◆ **Data supplied**:
******************************

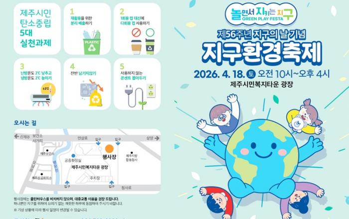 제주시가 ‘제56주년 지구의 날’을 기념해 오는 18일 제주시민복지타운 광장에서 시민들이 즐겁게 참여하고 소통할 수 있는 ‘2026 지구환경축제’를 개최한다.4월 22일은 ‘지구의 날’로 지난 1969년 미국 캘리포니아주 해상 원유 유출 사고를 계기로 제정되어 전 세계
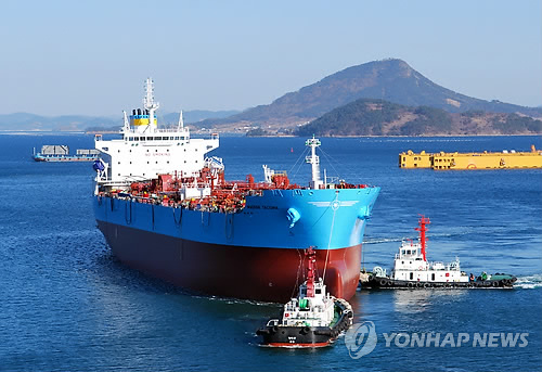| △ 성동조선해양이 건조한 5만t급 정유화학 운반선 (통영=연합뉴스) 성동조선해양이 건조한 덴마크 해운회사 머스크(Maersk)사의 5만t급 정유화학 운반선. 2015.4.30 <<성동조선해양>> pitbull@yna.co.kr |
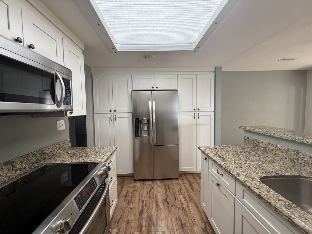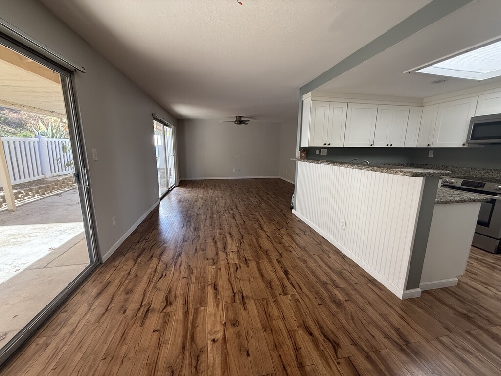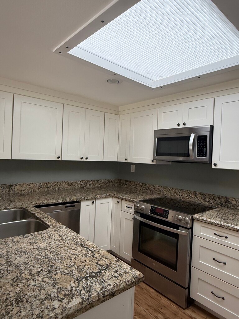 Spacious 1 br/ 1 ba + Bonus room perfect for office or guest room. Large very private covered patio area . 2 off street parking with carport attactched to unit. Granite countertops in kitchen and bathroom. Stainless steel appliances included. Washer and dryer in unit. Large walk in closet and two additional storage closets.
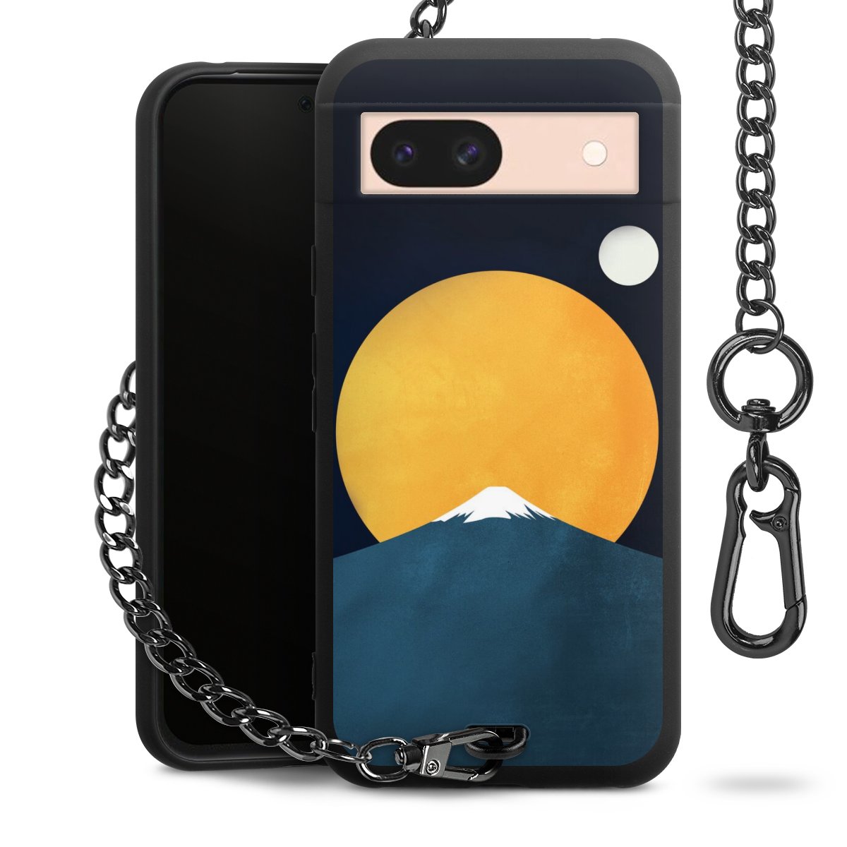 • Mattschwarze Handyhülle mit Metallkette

******************************

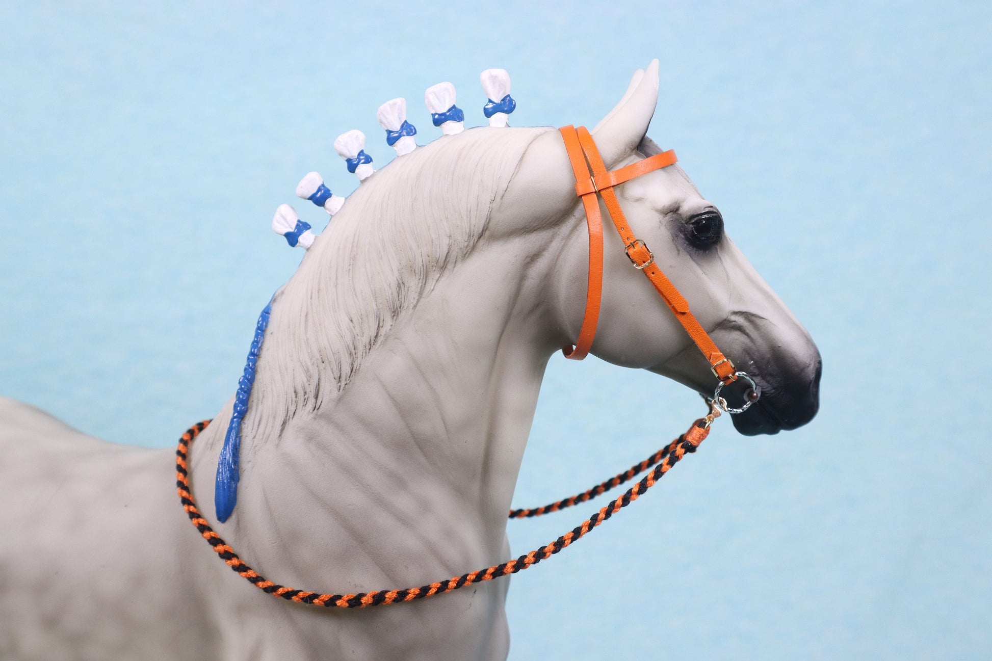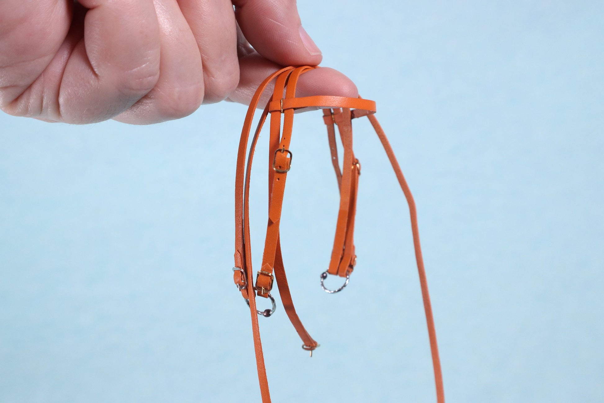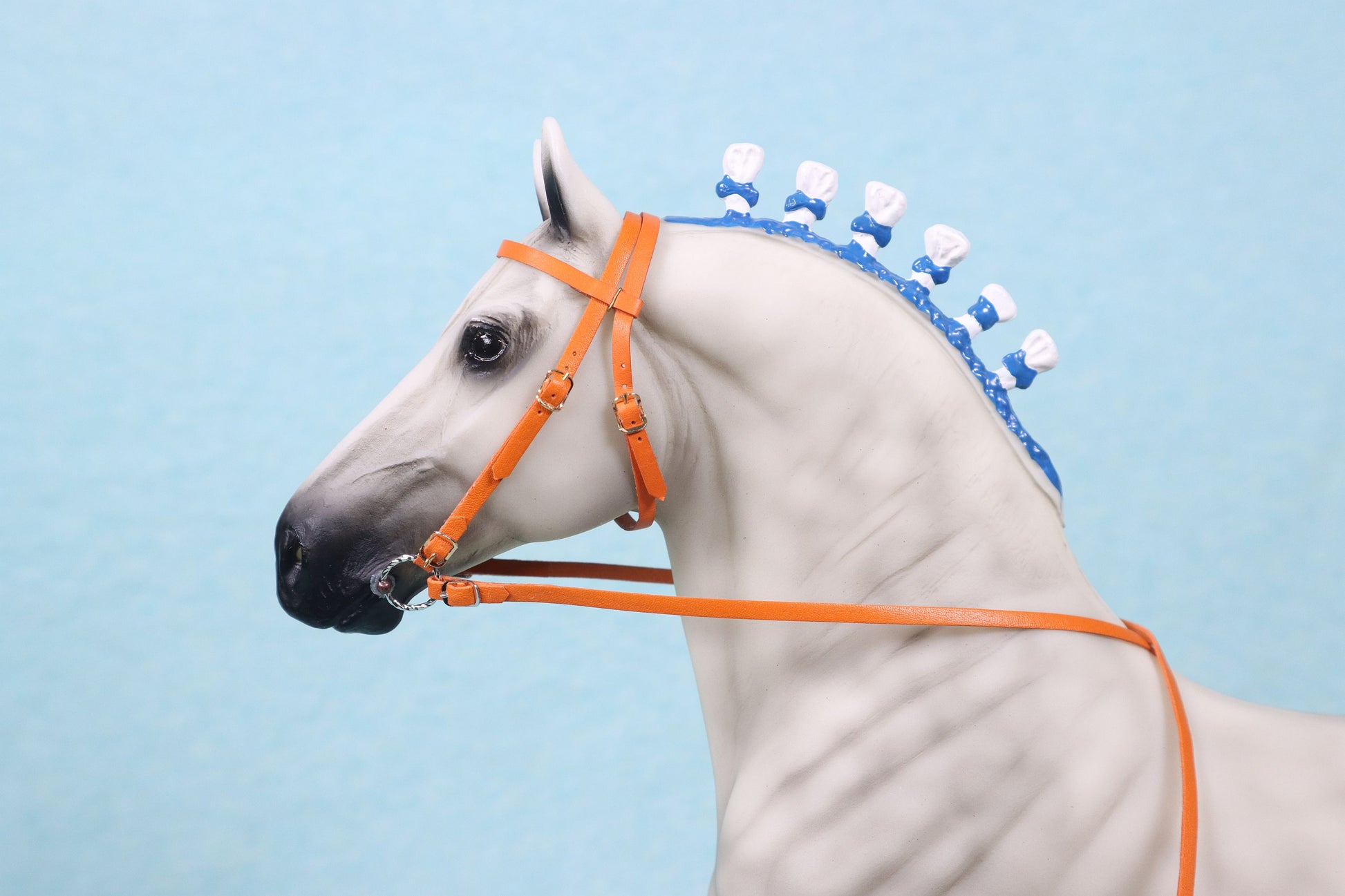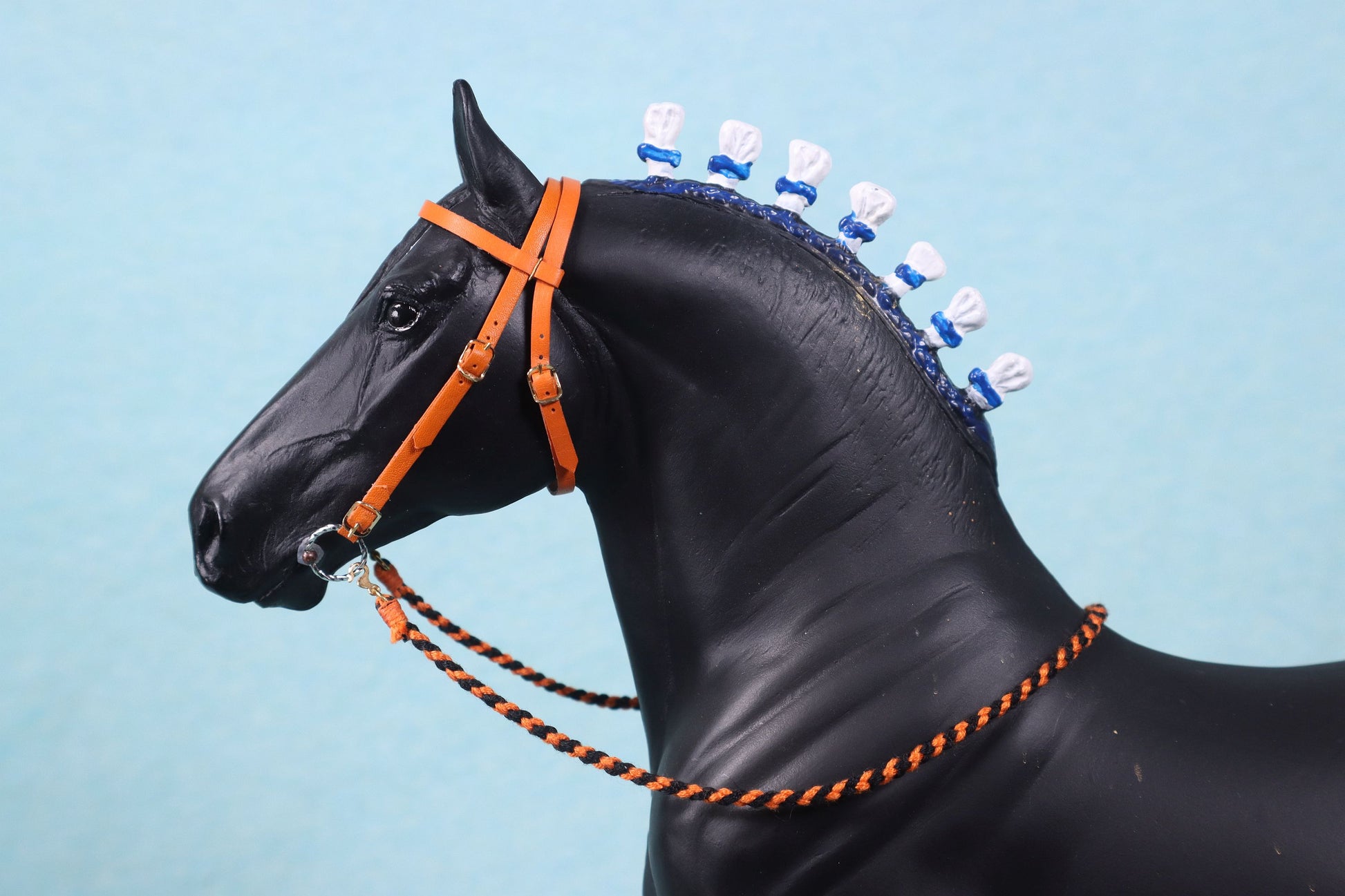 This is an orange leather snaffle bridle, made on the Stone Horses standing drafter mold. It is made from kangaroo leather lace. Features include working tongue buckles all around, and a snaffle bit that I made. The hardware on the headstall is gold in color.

******************************

◆ **What the exercise asks**:
Nothing but the lines from the one containing "제주시가 ‘제56주년 지구의" through the one containing "Handyhülle mit Metallkette" should appear, copied exactly from the material above and without pictures.

◆ **Solution for this exercise**:
 제주시가 ‘제56주년 지구의 날’을 기념해 오는 18일 제주시민복지타운 광장에서 시민들이 즐겁게 참여하고 소통할 수 있는 ‘2026 지구환경축제’를 개최한다.4월 22일은 ‘지구의 날’로 지난 1969년 미국 캘리포니아주 해상 원유 유출 사고를 계기로 제정되어 전 세계
| △ 성동조선해양이 건조한 5만t급 정유화학 운반선 (통영=연합뉴스) 성동조선해양이 건조한 덴마크 해운회사 머스크(Maersk)사의 5만t급 정유화학 운반선. 2015.4.30 <<성동조선해양>> pitbull@yna.co.kr |
 Spacious 1 br/ 1 ba + Bonus room perfect for office or guest room. Large very private covered patio area . 2 off street parking with carport attactched to unit. Granite countertops in kitchen and bathroom. Stainless steel appliances included. Washer and dryer in unit. Large walk in closet and two additional storage closets.
 • Mattschwarze Handyhülle mit Metallkette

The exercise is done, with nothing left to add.